Safe and Secure: Clean downloads without malware or viruses
Multiple Formats: PDF, MOBI, Mpub,... optimized for all devices
Educational Resource: Supporting knowledge sharing and learning

Frequently Asked Questions

Is it really free to download Learning Over Joins by Arun Kumar A dissertation submitted in partial fulfillment of the ... PDF?

Yes, on https://PDFdrive.to you can download Learning Over Joins by Arun Kumar A dissertation submitted in partial fulfillment of the ... by completely free. We don't require any payment, subscription, or registration to access this PDF file. For 3 books every day.

How can I read Learning Over Joins by Arun Kumar A dissertation submitted in partial fulfillment of the ... on my mobile device?

After downloading Learning Over Joins by Arun Kumar A dissertation submitted in partial fulfillment of the ... PDF, you can open it with any PDF reader app on your phone or tablet. We recommend using Adobe Acrobat Reader, Apple Books, or Google Play Books for the best reading experience.

Is this the full version of Learning Over Joins by Arun Kumar A dissertation submitted in partial fulfillment of the ...?

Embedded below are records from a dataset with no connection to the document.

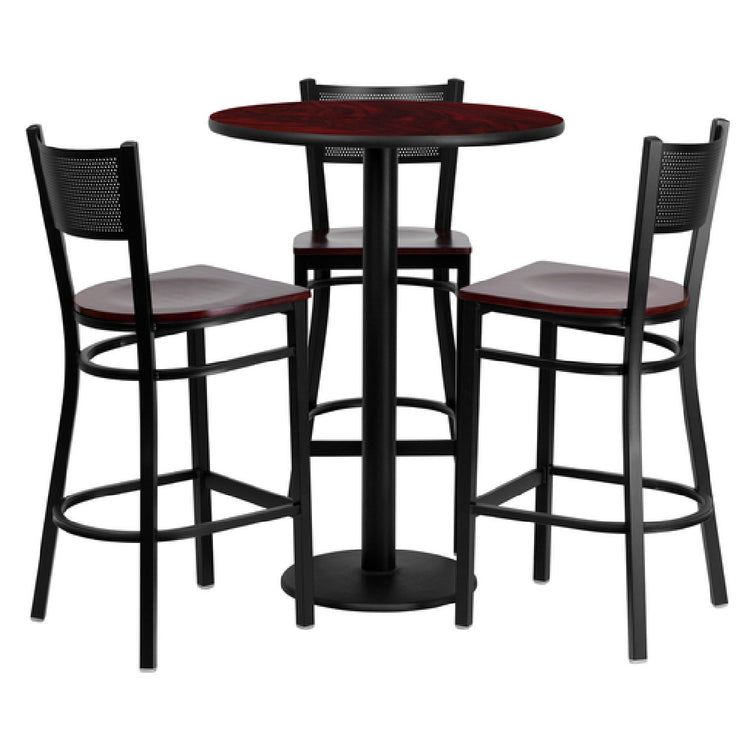 The Flash Furniture MD-0017-GG Table and Bar Stool Set is a comprehensive package designed for both commercial and residential settings, combining functionality with style. This set includes a round table with dimensions of 30 inches in diameter and 42 inches in height, featuring a black T-mold edge and a robust MDF structure with a high-impact melamine core. The table's mahogany laminate finish is complemented by a cast iron round base with a sleek black powder-coated finish, ensuring durability and aesthetic appeal. Accompanying the table are three bar stools, each measuring 19 inches wide, 19-1/2 inches deep, and 42-1/4 inches high. These stools are constructed with a metal back showcasing a grid design and a 3/4-inch thick mahogany finish plywood seat, ensuring both comfort and style. The welded joint assembly, paired with two curved support bars and a footrest, provides stability. Crafted with an 18-gauge steel frame and black powder coating, these stools are equipped with plastic floor glides to protect surfaces. This set requires assembly and is shipped in five boxes with a lead time of 1-2 business days. Its design caters to diverse market segments, offering a versatile and aesthetically pleasing solution for various environments.
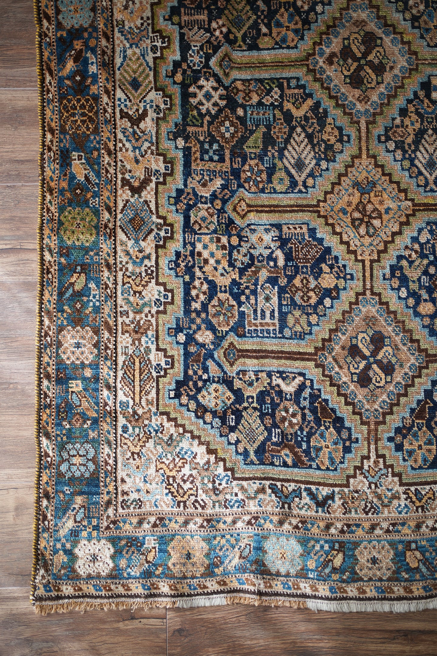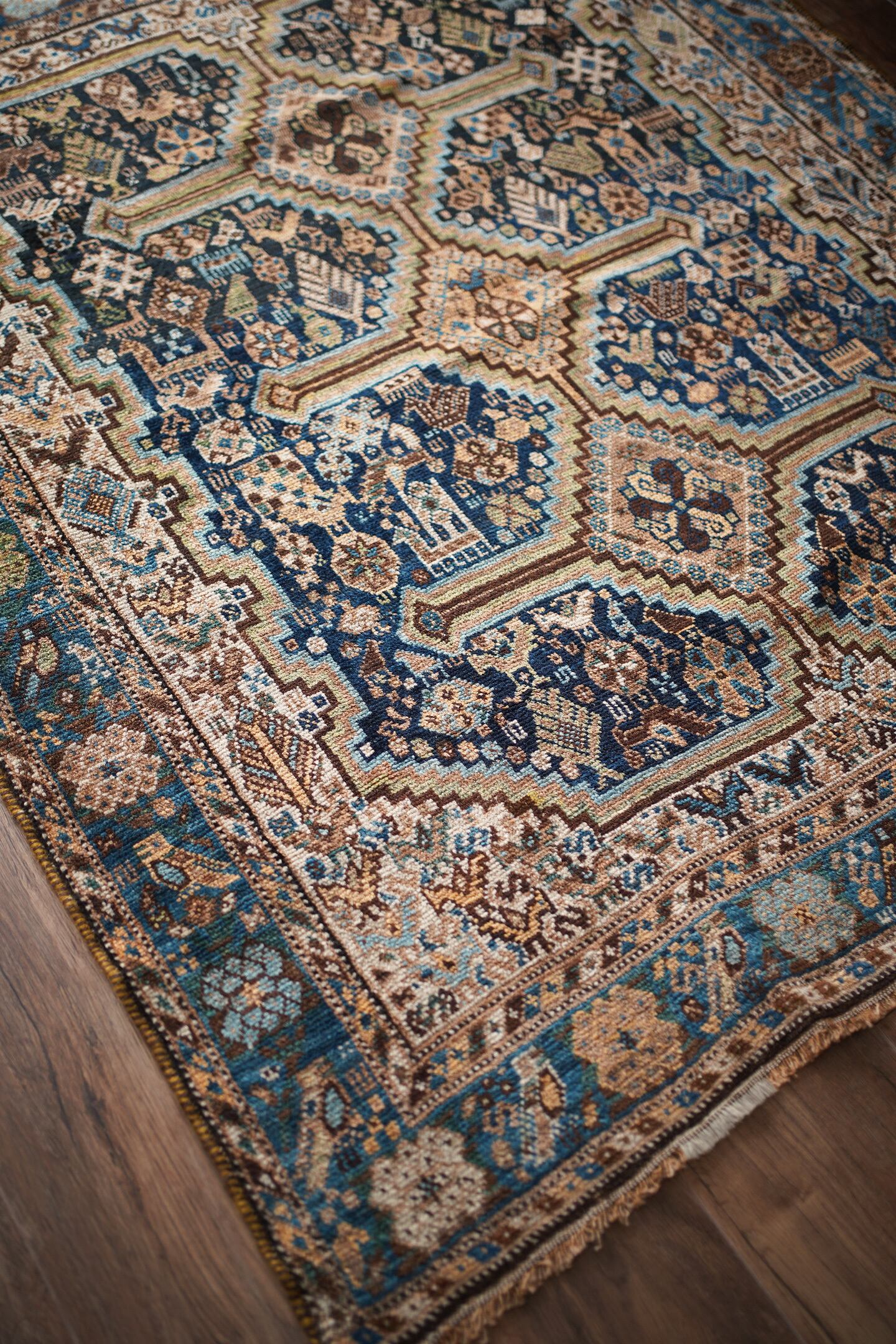 約140年前にイラン南部のハムセ連合によって織られたアンティークラグ。
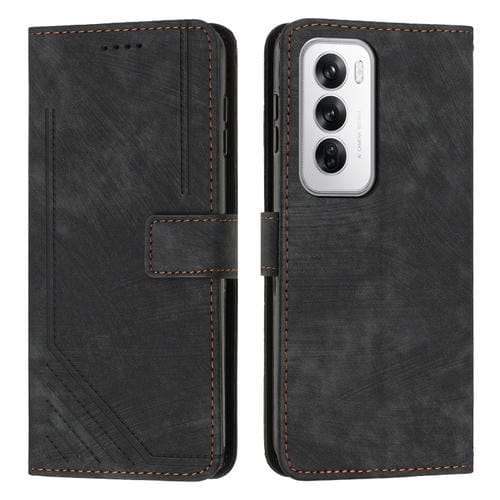 Para Oppo Reno12 5G Funda de Teléfono de Cuero con Patrón de Rayas Global Skin Feel y Cordón Largo (Negro)

Yes, this is the complete PDF version of Learning Over Joins by Arun Kumar A dissertation submitted in partial fulfillment of the ... by Unknow. You will be able to read the entire content as in the printed version without missing any pages.

Is it legal to download Learning Over Joins by Arun Kumar A dissertation submitted in partial fulfillment of the ... PDF for free?

https://PDFdrive.to provides links to free educational resources available online. We do not store any files on our servers. Please be aware of copyright laws in your country before downloading.

The materials shared are intended for research, educational, and personal use in accordance with fair use principles.